◆ Work to complete:
Required from the data below: the exact lines starting at the line containing "- CONSTRUCTION: Hand" and ending at the line containing "Schreiben von Sebastian", with both ends kept and all pictures dropped.

◆ Records for this exercise:
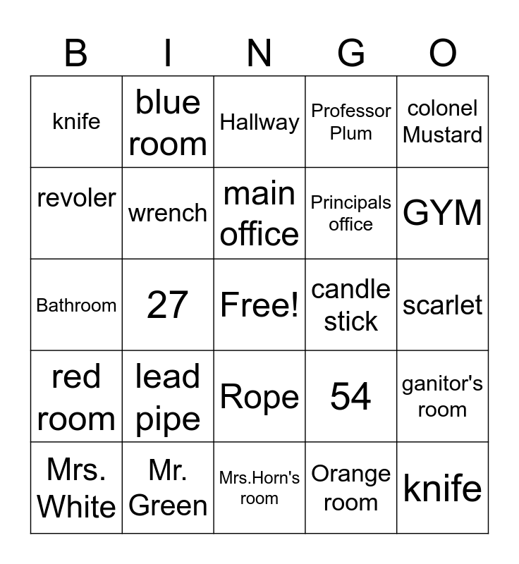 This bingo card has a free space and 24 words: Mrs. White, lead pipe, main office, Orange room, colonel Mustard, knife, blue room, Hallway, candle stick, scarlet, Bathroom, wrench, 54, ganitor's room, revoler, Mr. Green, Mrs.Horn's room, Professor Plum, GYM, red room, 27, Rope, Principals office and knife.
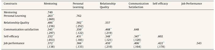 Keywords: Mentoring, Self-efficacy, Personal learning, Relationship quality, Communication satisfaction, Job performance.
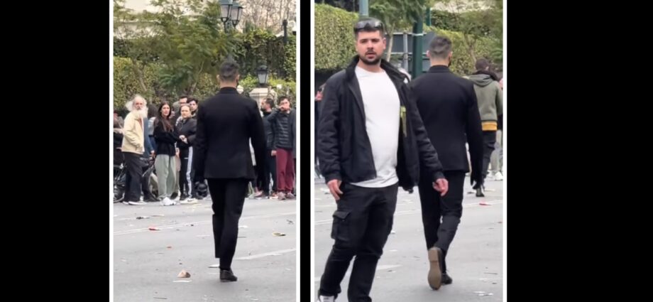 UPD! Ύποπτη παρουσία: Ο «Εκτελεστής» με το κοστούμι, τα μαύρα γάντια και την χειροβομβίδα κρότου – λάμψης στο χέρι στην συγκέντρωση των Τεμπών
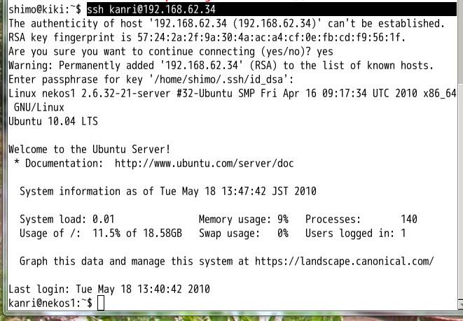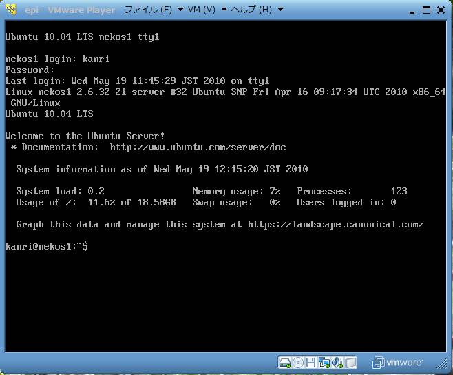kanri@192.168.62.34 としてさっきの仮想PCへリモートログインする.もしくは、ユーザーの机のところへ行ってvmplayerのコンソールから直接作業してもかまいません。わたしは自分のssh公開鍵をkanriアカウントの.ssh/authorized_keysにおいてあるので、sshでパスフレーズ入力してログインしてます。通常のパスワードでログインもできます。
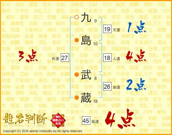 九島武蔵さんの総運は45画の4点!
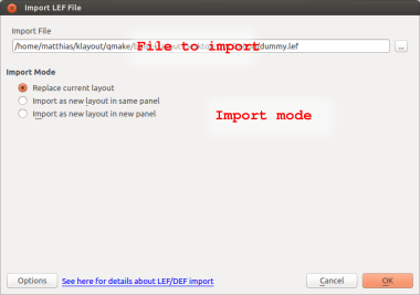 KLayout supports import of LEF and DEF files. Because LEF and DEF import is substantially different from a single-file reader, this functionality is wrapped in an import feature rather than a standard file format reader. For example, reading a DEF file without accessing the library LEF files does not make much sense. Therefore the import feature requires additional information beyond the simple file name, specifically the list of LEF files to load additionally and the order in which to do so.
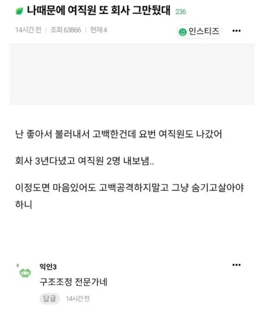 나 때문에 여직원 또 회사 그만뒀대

---

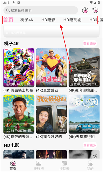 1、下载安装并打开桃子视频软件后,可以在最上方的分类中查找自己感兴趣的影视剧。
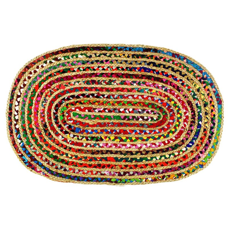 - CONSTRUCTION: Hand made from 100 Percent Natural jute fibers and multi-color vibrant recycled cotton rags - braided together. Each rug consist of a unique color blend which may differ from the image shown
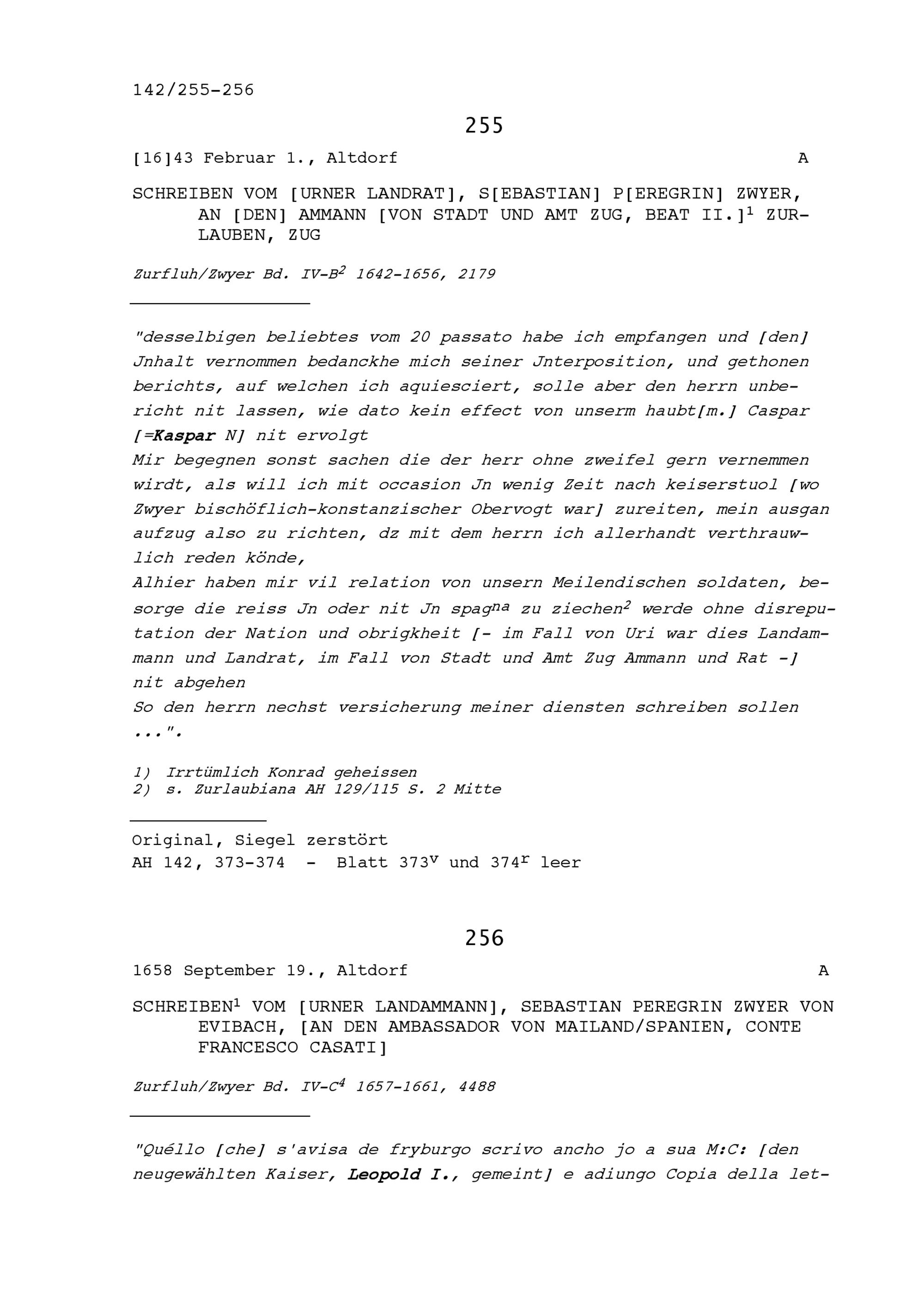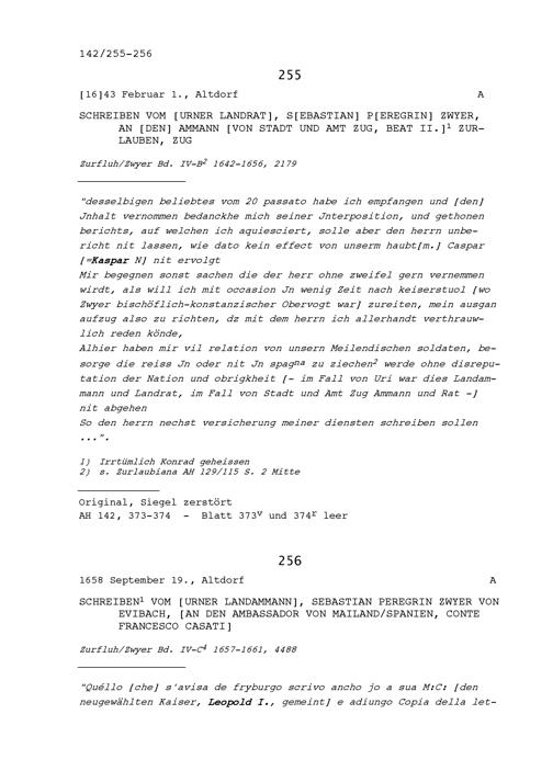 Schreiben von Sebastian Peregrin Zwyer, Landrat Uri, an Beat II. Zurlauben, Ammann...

---

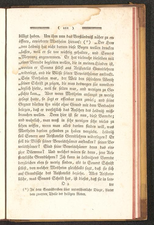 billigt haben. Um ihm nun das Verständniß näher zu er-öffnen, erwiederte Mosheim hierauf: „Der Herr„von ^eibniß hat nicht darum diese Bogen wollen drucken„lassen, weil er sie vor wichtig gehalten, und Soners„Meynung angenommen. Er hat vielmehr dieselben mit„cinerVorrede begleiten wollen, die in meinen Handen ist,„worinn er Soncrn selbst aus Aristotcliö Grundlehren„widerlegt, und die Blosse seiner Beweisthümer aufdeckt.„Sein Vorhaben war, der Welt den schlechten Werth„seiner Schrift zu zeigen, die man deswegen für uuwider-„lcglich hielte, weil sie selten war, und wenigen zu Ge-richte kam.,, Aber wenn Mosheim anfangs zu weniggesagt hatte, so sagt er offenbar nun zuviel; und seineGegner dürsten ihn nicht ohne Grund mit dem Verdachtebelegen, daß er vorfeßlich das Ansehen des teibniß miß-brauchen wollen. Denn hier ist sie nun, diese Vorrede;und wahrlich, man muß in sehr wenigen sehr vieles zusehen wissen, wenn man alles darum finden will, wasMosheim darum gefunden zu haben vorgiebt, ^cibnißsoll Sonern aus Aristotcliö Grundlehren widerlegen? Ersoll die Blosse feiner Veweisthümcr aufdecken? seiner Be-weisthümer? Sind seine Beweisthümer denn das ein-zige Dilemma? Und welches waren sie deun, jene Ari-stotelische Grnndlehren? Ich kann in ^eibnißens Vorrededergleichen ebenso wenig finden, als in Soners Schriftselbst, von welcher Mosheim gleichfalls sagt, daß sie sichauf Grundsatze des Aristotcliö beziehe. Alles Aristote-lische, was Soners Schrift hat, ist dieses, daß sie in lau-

◆ The answer:
 - CONSTRUCTION: Hand made from 100 Percent Natural jute fibers and multi-color vibrant recycled cotton rags - braided together. Each rug consist of a unique color blend which may differ from the image shown
 Schreiben von Sebastian Peregrin Zwyer, Landrat Uri, an Beat II. Zurlauben, Ammann...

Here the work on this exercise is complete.